Comparing the highest and lowest ends of the EU, Pallotti pointed out that hourly labour costs mirror price levels — around €55 in Luxembourg, €50 in Denmark, and just €11 in Bulgaria. “But when comparing coffee at €4 in Copenhagen versus €1 in Sofia, it’s the interplay of strong tradable-sector productivity and the resulting elevated wages across all sectors that chiefly explains the gap." he added.
Pallotti also noted that beyond wages, beyond wages, productivity itself stems from several key factors: capital intensity, technology adoption, human capital, institutional quality, infrastructure, and foreign investment - including skilled management and talent inflows. Other contributing factors - VAT and indirect taxes, cost of regulation, urban density, transport infrastructure, and even currency valuations - play roles in shaping prices.
Earnings not included in price comparisons
Individual or household incomes are not included in price level comparisons. “These figures are pure price comparisons of goods and services. They do not take the level of wages, salaries or other measures of personal income into account,” Lars Svennebye told Euronews Business.
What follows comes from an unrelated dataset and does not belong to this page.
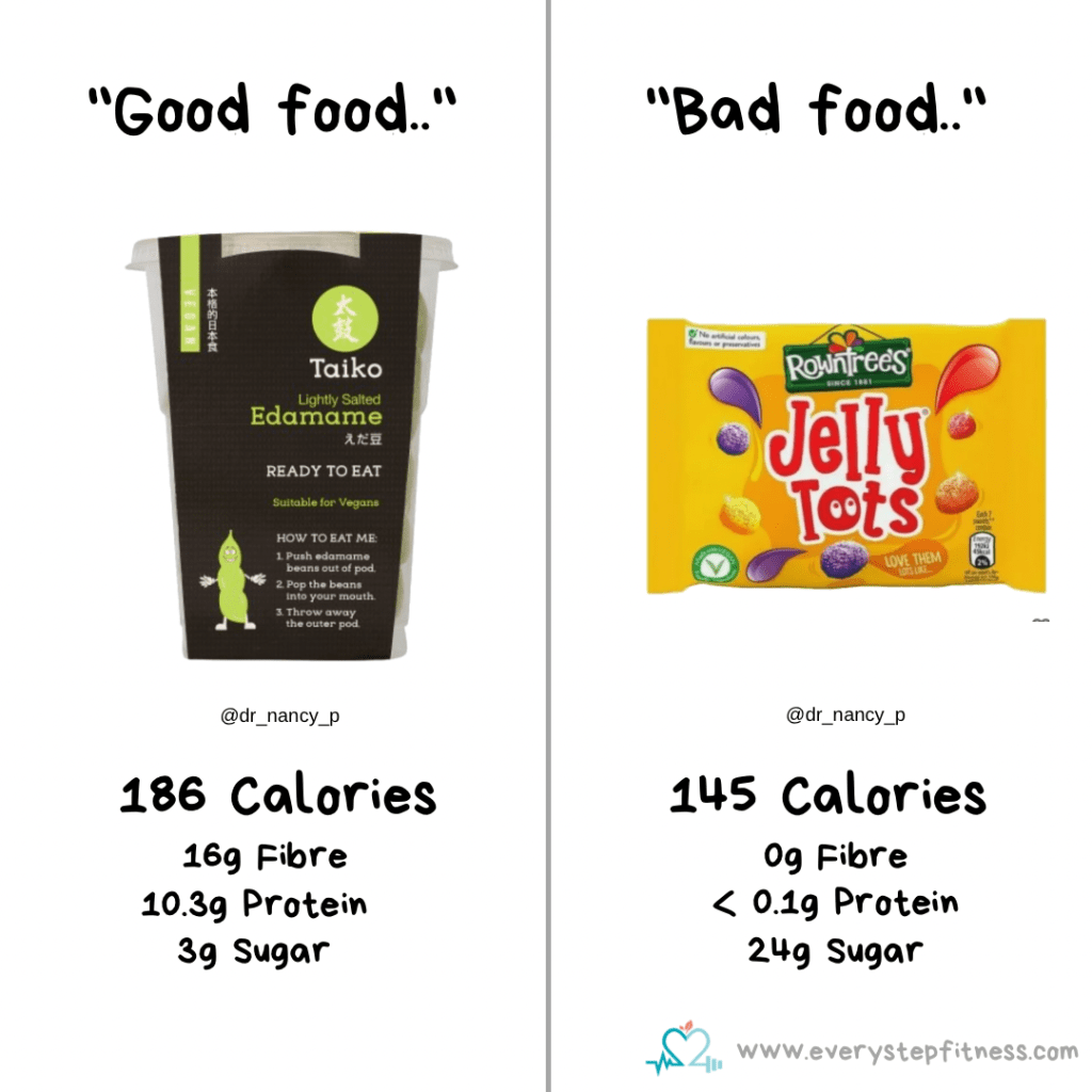 Yes edamame beans have more fibre and protein and micronutrients, whilst the jelly tots have fewer nutritional benefits. The jelly tots will provide you with some quick release energy, the edamame will keep you fuller for longer. If you were trying to hit a certain number of calories then the jelly tots may even be a better choice as they’re fewer calories but neither is inherently good or bad. They both have a place in a balanced diet. The only reason to describe either as good or bad is in terms of how you think they actually taste! And personally I think they both taste good!

This means that someone living in a country with a high price level may still be able to buy more goods and services than someone in a country with a lower price level, depending on income.
Price levels vary significantly across different categories. For example, the price level for alcohol and tobacco in the EU was nearly three times higher in Ireland (205%), the most expensive country, than in Bulgaria (69%), the cheapest.